REQUIREMENT: Only a slice of the listing below is wanted. Retype the lines from the one containing "KVALITETAN STOL HRASTA" through the one containing "Enter any search", exactly, both ends included.

DATASET:
——

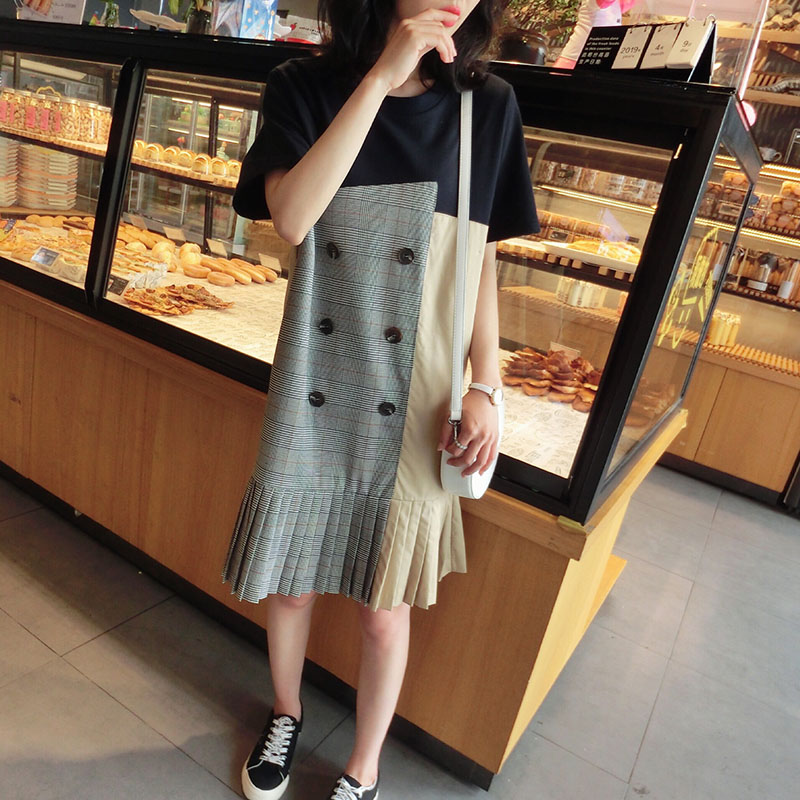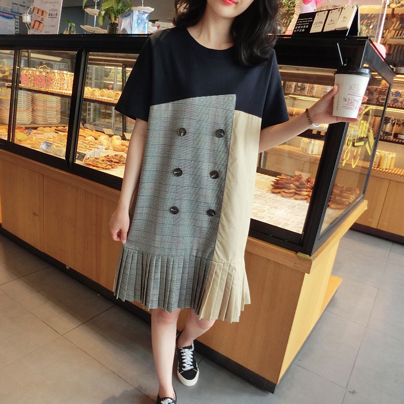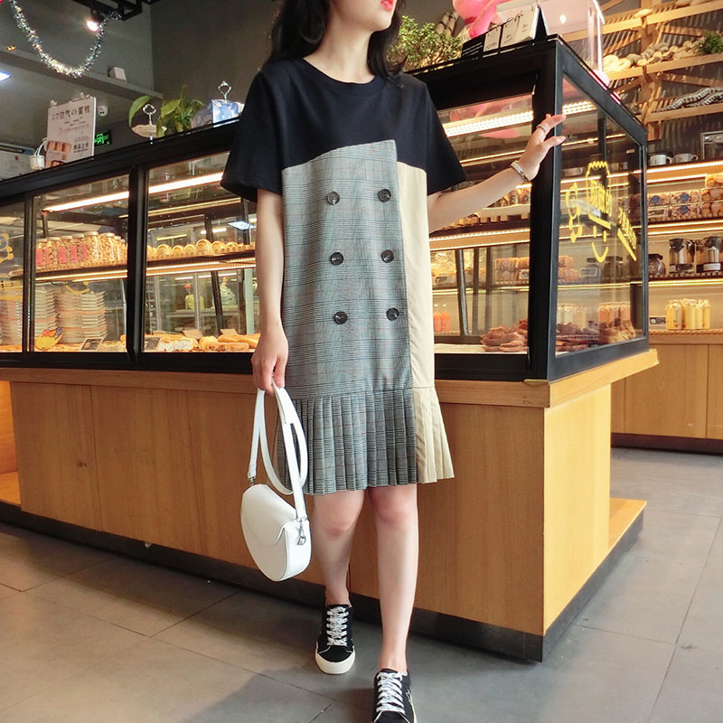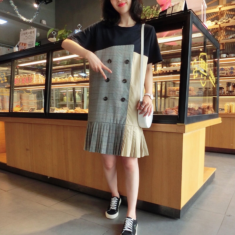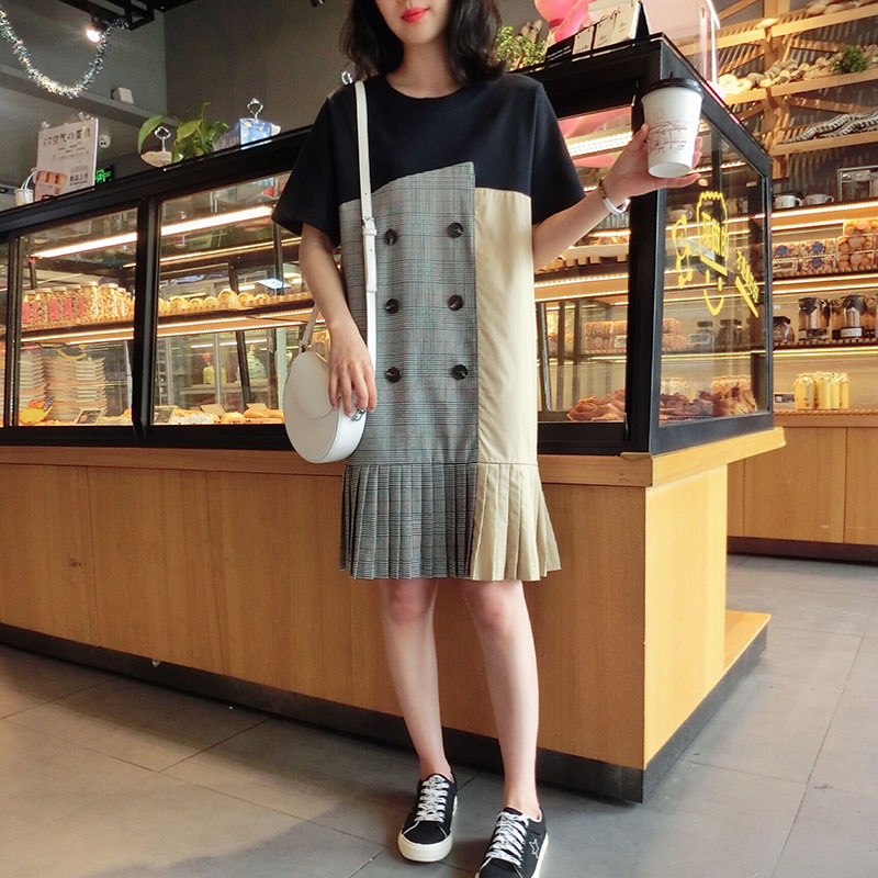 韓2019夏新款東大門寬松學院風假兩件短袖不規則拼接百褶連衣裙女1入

——

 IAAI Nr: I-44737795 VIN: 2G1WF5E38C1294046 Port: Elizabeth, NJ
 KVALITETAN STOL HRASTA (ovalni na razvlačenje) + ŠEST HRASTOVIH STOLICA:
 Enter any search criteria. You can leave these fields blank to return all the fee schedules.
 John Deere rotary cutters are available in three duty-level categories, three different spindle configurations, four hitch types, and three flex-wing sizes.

——

RESULT:
 KVALITETAN STOL HRASTA (ovalni na razvlačenje) + ŠEST HRASTOVIH STOLICA:
 Enter any search criteria. You can leave these fields blank to return all the fee schedules.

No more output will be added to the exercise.